O mais maravilhoso de tudo era que as crianças nunca brigavam entre si; nem tinham acessos de choro; e, desde que o tempo começou, nenhuma dessas pequenas criaturas humanas jamais se isolou em um canto para se amuar. Ah, que boa época para se estar vivo! A verdade é que aqueles monstros alados feios, chamados Problemas, que agora são quase tão numerosos quanto os mosquitos, ainda não haviam sido vistos na Terra. Provavelmente, o maior desconforto que uma criança já havia experimentado foi a irritação de Pandora por não conseguir descobrir o segredo da misteriosa caixa.

Isso, a princípio, era apenas uma leve sombra de um Problema; mas, a cada dia, crescia mais e mais, até que, antes de muito tempo, a casa de Epimeteu e Pandora era menos ensolarada que a das outras crianças.

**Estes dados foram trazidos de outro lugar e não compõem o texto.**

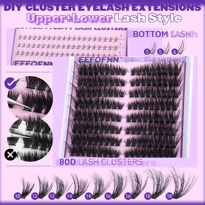 - Upper+Lower Lashes Extension Kit: Fluffy 80D eyelash clusters ranging from 10-18 mm in length can create a salon like lash extensions effect, giving you a charming cat eye lashes style. Natural bottom lashes subtly enhance your overall eye makeup look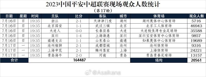 中超第17轮现场观众人数

“De onde poderia ter vindo essa caixa?” Pandora continuamente se perguntava e perguntava a Epimeteu. “E o que no mundo pode estar dentro dela?”

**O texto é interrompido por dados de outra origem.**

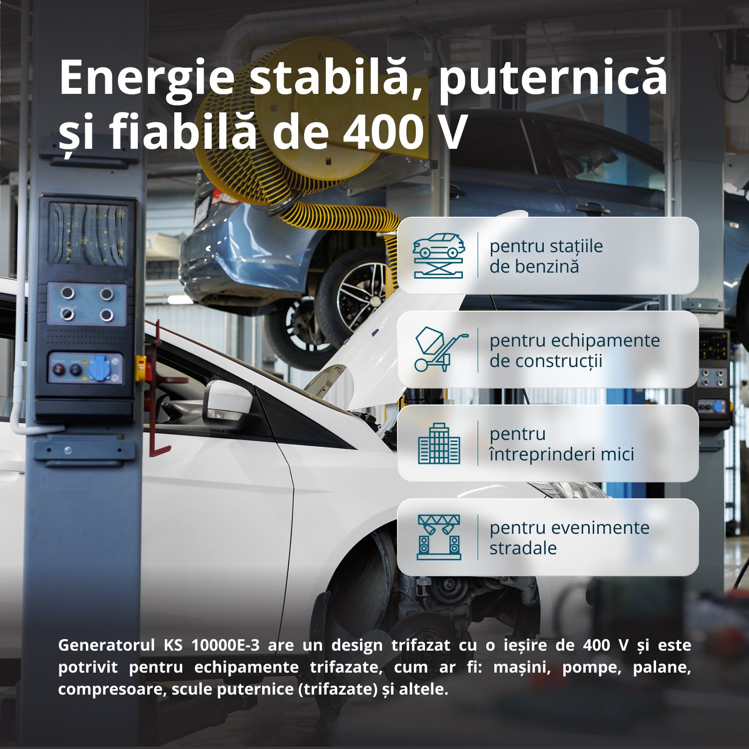 - Cadrul robust din oțel protejează generatorul împotriva diverselor tipuri de deteriorări.

“Sempre falando sobre essa caixa!” disse Epimeteu, finalmente; pois ele já estava extremamente cansado do assunto. “Eu gostaria, querida Pandora, que você tentasse falar de outra coisa. Vamos colher alguns figos maduros e comê-los sob as árvores, para o nosso jantar. E eu sei de uma videira que tem as uvas mais doces e suculentas que você já provou.”

“Sempre falando sobre uvas e figos!” exclamou Pandora.

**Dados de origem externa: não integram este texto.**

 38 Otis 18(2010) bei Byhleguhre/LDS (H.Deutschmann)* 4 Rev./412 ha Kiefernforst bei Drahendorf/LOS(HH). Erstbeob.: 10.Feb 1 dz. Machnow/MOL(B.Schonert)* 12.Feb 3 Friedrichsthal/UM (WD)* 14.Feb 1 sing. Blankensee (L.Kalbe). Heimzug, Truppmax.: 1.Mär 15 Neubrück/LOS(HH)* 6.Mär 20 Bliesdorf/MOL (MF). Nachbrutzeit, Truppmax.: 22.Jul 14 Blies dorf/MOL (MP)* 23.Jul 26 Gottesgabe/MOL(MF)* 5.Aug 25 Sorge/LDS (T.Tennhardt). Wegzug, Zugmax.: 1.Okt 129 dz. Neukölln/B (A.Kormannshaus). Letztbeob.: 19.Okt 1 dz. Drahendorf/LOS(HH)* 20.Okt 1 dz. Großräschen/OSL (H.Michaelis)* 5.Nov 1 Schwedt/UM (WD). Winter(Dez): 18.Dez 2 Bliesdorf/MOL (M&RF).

“Bem, então,” disse Epimeteu, que era uma criança muito bem-humorada, como muitas crianças naquela época, “vamos correr lá fora e nos divertir com nossos amigos de brincadeiras.”

“Estou cansada de momentos de alegria, e não me importo se nunca mais os tiver!” respondeu nossa pequena Pandora. “E, além disso, eu nunca os tenho. Esta caixa horrível! Estou tão obcecada pensando nela o tempo todo. Exijo que você me diga o que há dentro dela.”

“Como já disse cinquenta vezes, eu não sei!” respondeu Epimeteu, ficando um pouco irritado. “Como, então, eu poderia te contar o que está dentro?”

“Você poderia abri-la,” disse Pandora, olhando de lado para Epimeteu, “e então poderíamos ver por nós mesmos.”

“Pandora, o que você está pensando?” exclamou Epimeteu.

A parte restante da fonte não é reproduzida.